In this paper we have demonstrated anti-miR activity of backbone-modified PNAs for the first time. New results relating to the cellular uptake of modified PNAs as a function of their structures have been achieved, thereby supporting novel strategies for overcoming one of the most important drawbacks of PNAs and PNA analogues. Overall, the combined good cellular uptakes, higher biostabilities, good anti-miR activities, and reductions in differentiated cells and in γ-globin production make these molecules ideal candidates for the next generation of drugs able to modulate genes. The experimental system (inhibition of miR-210 in K562 cells) was chosen to allow better assessment of the performances of the different types of PNA modification as anti-miR agents. However these results represent a systematic study involving both C2- and C5-modified PNAs with different spacings between modified monomers, and should be extendable to other interesting targets, most notably tumour-associated miR (onco-miR). The results show that high affinities and excellent cellular uptakes can be obtained with all types of arginine-derived PNA, but that differences in anti-miR activity as a function of the type of modification and of the model used are still present, with a contiguous stretch of modified monomers being the preferred model.
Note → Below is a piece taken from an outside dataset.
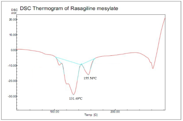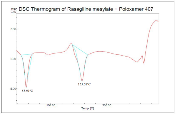 The DSC curve of Rasagiline mesylate and Poloxamer 407 showed endothermic peaks at 55.91°C and 155.53°C in fig. 13. In this Rasagiline mesylate melting peak appears at the same value of temperature (155.55 °C). The binary mixtures of thermogram indicate no interaction between these substances.

Our results do not fully explain the mechanism of action of PNA4 within the cells. The results obtained are indeed compatible with 1) a decrease in miR-210 processing and maturation, 2) a decrease in miR-210 content due to a possible degradation,38 and 3) a decrease in hybridisation availability, as more recently proposed for miR-122.39 Further experiments will be required to improve understanding of this issue. Moreover, despite the fact that the activity of PNA4 appears to be fairly selective, microarray and extensive RT-qPCR analyses will be required to provide a complete view of the effects of PNA4 on all the miRNA expressed in K562 cells and to pinpoint possible unpredicted off-target events.

Our results might be also relevant in the field of applied biology, because miR-210 has been demonstrated to be linked to hypoxia and up-regulated together with several hypoxia-related genes,40 and is hypothesised to be involved in cancer. Because miR-210 is a marker of the growth of advanced tumours under hypoxic conditions and correlates in general with poor prognosis41, 42 it has been proposed as a possible therapeutic target. Radojicic et al., who analysed 49 primary triple-negative breast cancer cases, along with 34 matched tumour-associated normal samples, for example, reported that miR-210 was overexpressed in triple-negative primary breast cancers, thus suggesting a role in breast cancer tumour progression.43 PNAs against miR-210 might therefore be useful on one hand for understanding the function of miR-210 in solid tumours, and on the other to alter miR-210 expression in tumours in which this microRNA has a clear role.

Experimental Section

Reagents and instrumentation: The Boc-protected PNA backbone methyl ester, bearing an l-Arg residue with tosyl protection in the side chain (Boc-5l-Arg(Tos)-PNAbackbone-OMe) was prepared from commercial Boc-l-Arg(Tos)-OH in three steps, as reported previously.44 The corresponding acid (Boc-5l-Arg(Tos)-PNA-C(z)-OH), the guanine-containing chiral monomer Boc-5l-Arg(Tos)-PNA-G(OBn)-OH and Boc-2d-Arg(Tos) sub-monomers were obtained by the previously reported procedure.44

Reagents and solvents were purchased from commercial sources and used without further purification, except for DMF, which was dried over molecular sieves (4 Å) and purged with nitrogen to avoid the presence of dimethylamine, and THF, which was distilled to avoid the presence of stabilisers. TLC was run on aluminium sheets (Merck 5554 silica 60). Column chromatography was performed as flash chromatography on Merck 9385 silica 60 (0.040–0.063 mm). NMR spectra were obtained with a Bruker AC 300 instrument; δ values are in ppm relative to CDCl3 (7.29 ppm for proton and 76.9 ppm for carbon) or [D6]DMSO (2.50 ppm for proton and 39.5 ppm for carbon). IR spectra were recorded with a Nicolet 5700 FTIR instrument, HPLC-ESI-MS with a Micromass Quattro micro API (QqQ Detector, from 100 % H2O to 50 % CH3CN in 30 min, 0,2 % formic acid as modifier, flow: 1 mL min−1) and HRMS with a Thermo LTQ ORBITRAP XL machine. PNA purification was performed by RP-HPLC with UV detection at 260 nm with use of a semi-prep C18 column (for normal PNA: 5 microns, 250×10 mm, Jupiter Phenomenex, 300 A; for labelled PNA: 10 microns, 300×7.7 mm, Xterra Waters, 300 Å), with elution with water+0.1 % TFA (eluent A) and acetonitrile+0.1 % TFA (eluent B); elution gradient: from 100 % A to 50 % B over 30 min, flow: 4 mL min−1.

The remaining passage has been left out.